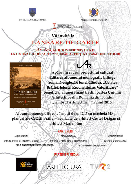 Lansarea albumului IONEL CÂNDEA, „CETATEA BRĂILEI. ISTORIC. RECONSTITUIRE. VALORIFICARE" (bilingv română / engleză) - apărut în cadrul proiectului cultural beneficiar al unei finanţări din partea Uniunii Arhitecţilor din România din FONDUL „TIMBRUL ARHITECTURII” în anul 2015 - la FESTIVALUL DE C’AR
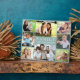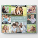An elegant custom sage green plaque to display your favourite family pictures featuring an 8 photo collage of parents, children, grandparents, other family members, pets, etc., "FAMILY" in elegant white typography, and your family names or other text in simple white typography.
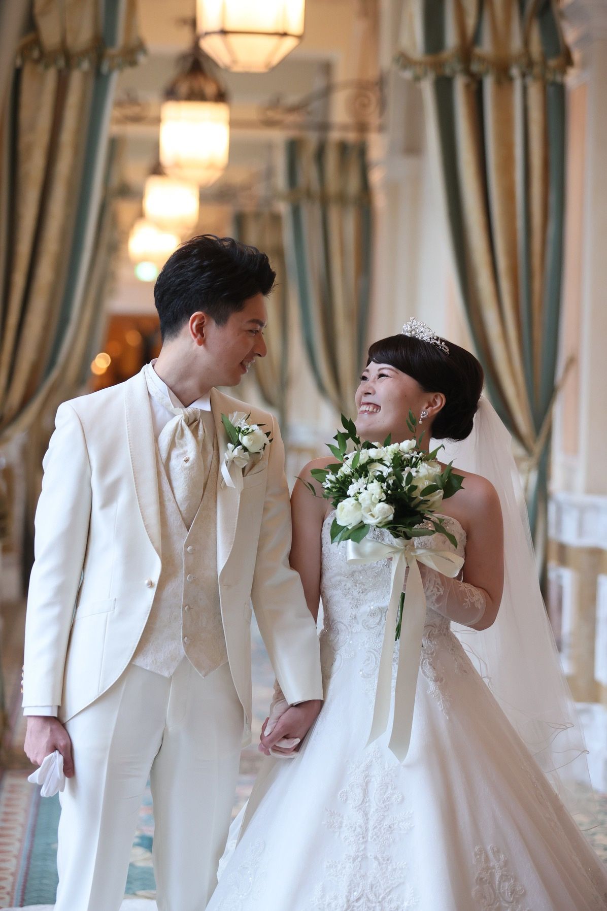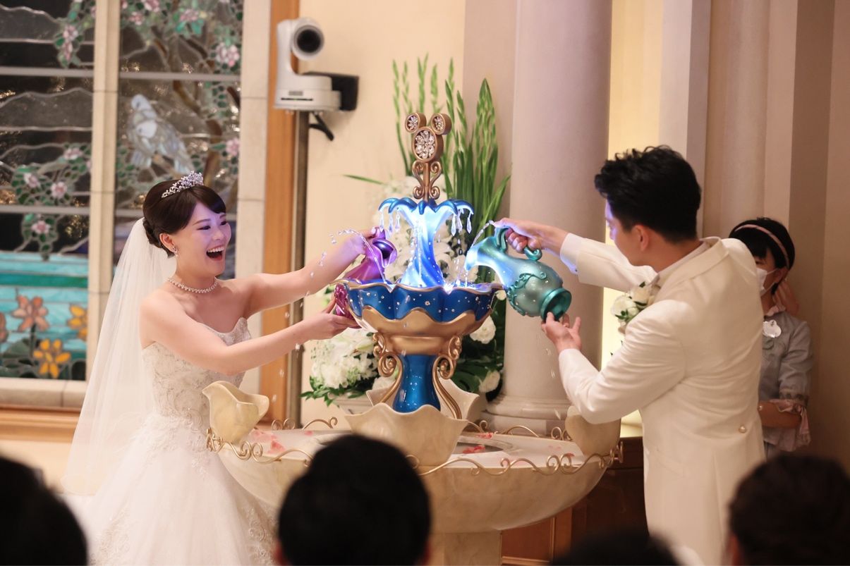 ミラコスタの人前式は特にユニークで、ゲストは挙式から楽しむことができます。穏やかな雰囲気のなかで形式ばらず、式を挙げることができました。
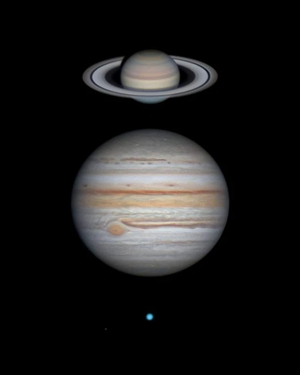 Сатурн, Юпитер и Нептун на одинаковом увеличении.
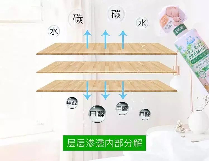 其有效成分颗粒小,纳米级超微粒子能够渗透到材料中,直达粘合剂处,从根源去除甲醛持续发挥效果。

* * *

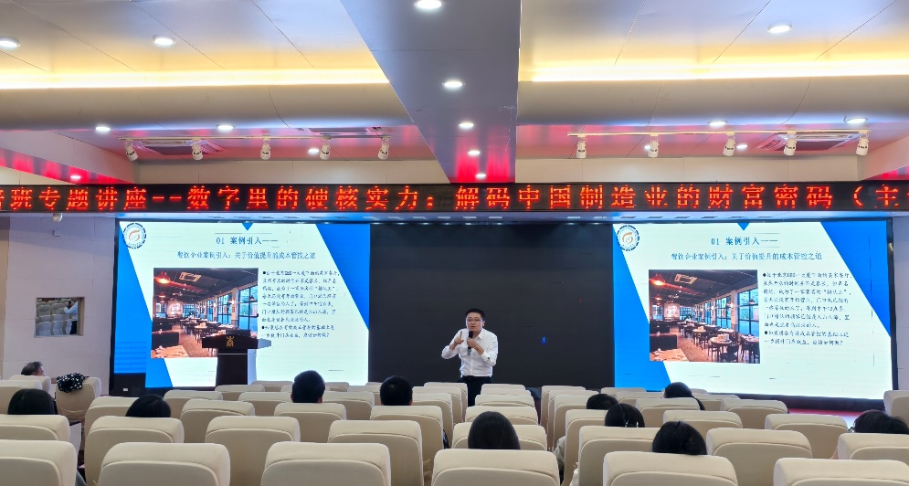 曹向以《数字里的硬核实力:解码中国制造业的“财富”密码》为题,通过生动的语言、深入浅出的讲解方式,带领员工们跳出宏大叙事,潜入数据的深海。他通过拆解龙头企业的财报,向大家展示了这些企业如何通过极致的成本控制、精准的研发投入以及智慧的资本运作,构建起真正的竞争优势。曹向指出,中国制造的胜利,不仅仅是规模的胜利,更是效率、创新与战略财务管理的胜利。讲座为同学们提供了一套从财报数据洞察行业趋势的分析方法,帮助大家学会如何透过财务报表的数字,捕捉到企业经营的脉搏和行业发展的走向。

→ **Activity**
Write out again exactly the lines above from the one with "Сатурн, Юпитер и" through the one with "其有效成分颗粒小,纳米级超微", adding no other lines and no pictures.

→ **Your solution**
 Сатурн, Юпитер и Нептун на одинаковом увеличении.
 其有效成分颗粒小,纳米级超微粒子能够渗透到材料中,直达粘合剂处,从根源去除甲醛持续发挥效果。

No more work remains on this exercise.